What is an appropriation in accounting terms? While the term appropriation can have several different definitions, for accounting purposes appropriation refers to how money from profits into a company has been spent or used.

One definition of appropriation is to set aside, specifically money, for a particular purpose. For accounting, this specifically refers to profit money in a company. The use of this money is particularly important to investors, which is why all profits spent must be accounted for. For example, a company may decide to appropriate a certain amount of their profits for a capital expenditure, such as a new building.
Another way we hear of appropriaton is when the government appropriates funds for specific projects. This can be through a vote or legislative act, but it is similar to a business appropriating money. The government decides where specific money goes and assigns it to that project.
For example, the United States Congress appropriates money from the budget for Naval operations. A Navy dispersing clerk is responsible for reporting disbursements correctly since at any one time three budgets are in effect: the previous years being reconciled, the current one being used, and the next one being created.
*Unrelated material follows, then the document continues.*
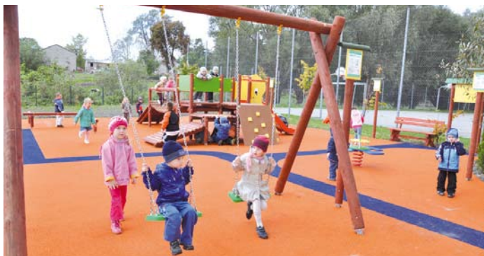
Plac zabaw w Turzu

finansowanie na place zabaw w kwocie 127 700,00 zł, tak więc ogólny koszt tych placów zabaw wyniósł 335 925,20 zł. Z ministerstwa można było uzyskać dofinansowanie w wysokości do 50% wartości każdego placu zabaw. Pozosta-

Future budgets can be directly impacted by the improper recording procedures, since funding allocation can be re-appropriated in the future and sent to another agency or department.
What is appropriation in accounting? Appropriation means allocating funds to specific projects. The money can then only be used for that project and nothing else. Businesses must detail appropriations on their balance sheet since if it is for a capital expenditure or the profit and loss statement if profit is redirected into revenue expenditures.